Ou de como com conceitos trabalhados se tenta esbulhar os médicos

25 janeiro 2018
Ou de como com conceitos trabalhados se tenta esbulhar os médicos
Chegou ao conhecimento do Sindicato Independente dos Médicos – SIM, o teor de uma identificada "Recomendação n.º 1”, datada de 18 de janeiro de 2018, subscrita pelo Coordenador Nacional para a Reforma do SNS, área dos Cuidados de Saúde Primários e dirigida ao Sr.
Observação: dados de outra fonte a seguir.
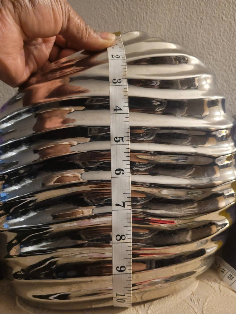 🌞Selling a decorative silver vase. 🌞It measures approximately 10 n half inches in height and same measurements in width. 🌞 It's a beautiful piece to add to your home decor!

Secretário de Estado Adjunto da Saúde, com a recomendação de ser entendida como sendo orientações para todos os Agrupamentos de Centros de Saúde (ACES) e tendo como causa próxima a adoção do registo biométrico de assiduidade (metodologia que o SIM não coloca em causa).

Prolífero no tratamento de ditos "aspetos concetuais”, esta "Recomendação” com intuitos normativos entra pelos caminhos ínvios da ilegalidade, pois que:
  1. Nenhuma destas convenções laborais decorrentes da negociação coletiva e vigentes na área médica prevê a existência de regimes de "banco de horas”, sob esta ou outra qualquer designação;
  2. Nenhuma destas convenções prevê mecanismos de "compensação” de tempo de trabalho entre jornadas, semanas ou outros ciclos;
  3. Alcança-se que o fito da "Recomendação” se encontra no afastamento da possibilidade da correta qualificação do trabalho "que ultrapassa o período normal de trabalho”, tanto diário como semanal, como aquilo que ele é, ou seja, como trabalho suplementar  (daí que a expressão – tão reveladora – da "Recomendação” é, expressis verbis, a inversa, "não suplementar”);
  4. Dito isto, conclui-se que o grande objetivo da "Recomendação” é que não seja doravante pago aos trabalhadores, designadamente aos trabalhadores médicos das UF dos cuidados de saúde primários, todo o trabalho efetivamente suplementar que venham a prestar no interesse do SNS, sob o argumento de que, face aos apuramentos disponibilizados pelo "Registo biométrico”, não houve lugar ao mesmo, pura e simplesmente, porquanto o mesmo pairará algures num qualquer "banco”;
  5. A manobra é percetível, e nem sequer é nova, sucede apenas que, com o documento em apreço, alcançou o formato e a aparência de coisa consagrada, a solene "Recomendação n.º 1”.
Sublinhe-se que o SIM não aceita a mecânica perniciosa que ali se institui, entende-a como uma afronta ao regime legal e convencional em vigor, e regista que esta clara tentativa de esbulho da remuneração do trabalho prestado pelos trabalhadores médicos a exercer funções nas UF dos Cuidados de Saúde Primários do SNS surge no mesmo mês de janeiro de 2018 em que, segundo a Lei do Orçamento de Estado, já deverão vigorar as progressões remuneratórias, aliás acompanhadas da reposição integral da tabela de pagamento do trabalho suplementar verificada no antecedente mês de dezembro.